Thanks for the report, the issue has been fixed in v1.1.1. But if you want to update your copy see: https://github.com/sokrypton/ColabDesign/commit/aa3ced63542d61b1b5ef2b58371b90e22f11cdde

amin-sagar commented 1 year ago

Thanks @sokrypton I updated to v1.1.1. This doesn't seem to completely solve the issue. The generated peptides still don't retain the amino acids at the biased positions. I printed out mut_seq from design_semigreedy and I see that each mutation cycle changes the amino acids. Maybe the mutate function is not considering the bias. As a test, if I mutate the fixed residues back after passing through the mutate function, it works.
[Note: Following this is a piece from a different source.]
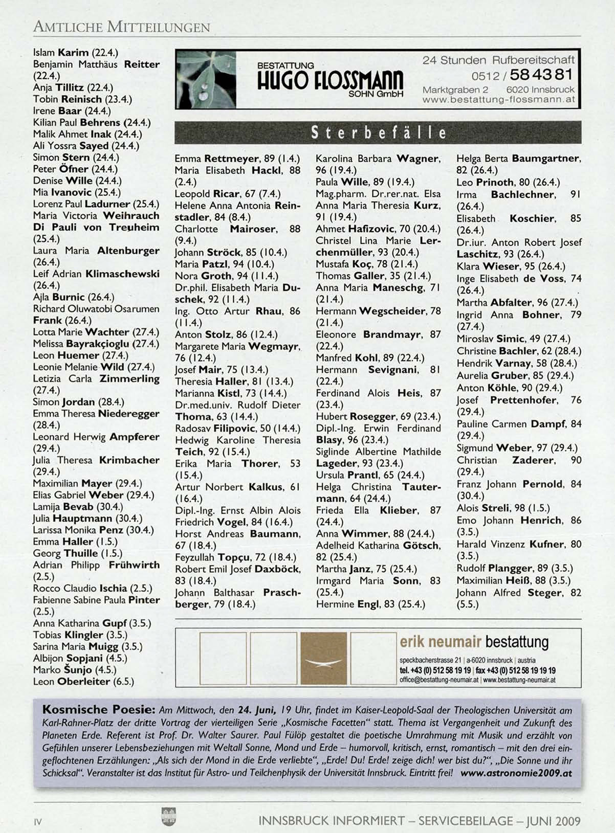 INNSBRUCK INFORMIERT - SERVICEBEILAGE -JUNI 2009

for t in range(int(num_tries)):
        mut_seq = self._mutate(seq, plddt, logits=(seq_logits + self._inputs["bias"]))
        for fixaa in [1,8,15]:
            mut_seq[0,fixaa] = 4
        print (mut_seq)

I am trying to figure out what's happening but maybe it's instantly clear to you. Thanks again.

sokrypton commented 1 year ago

Should be fixed now! I tracked the bug down to predict() function, turns out when I was making a copy of the dictionary before/after prediction, the copy wasn't being made.

Please try again!

Suggested pipeline:

from colabdesign.af.alphafold.common import residue_constants
bias = np.zeros((af_model._binder_len,20))
# example: force first position to be proline
bias[0,residue_constants.restype_order["P"]] = 1e8

af_model.restart()
af_model.set_seq(bias=bias)
af_model.design_pssm_semigreedy()
amin-sagar commented 1 year ago

Thanks @sokrypton It works perfectly now. The residues are retained at the defined positions. I think I am experiencing the issue described in #85 I will post the results on that issue. Thanks again. Amin.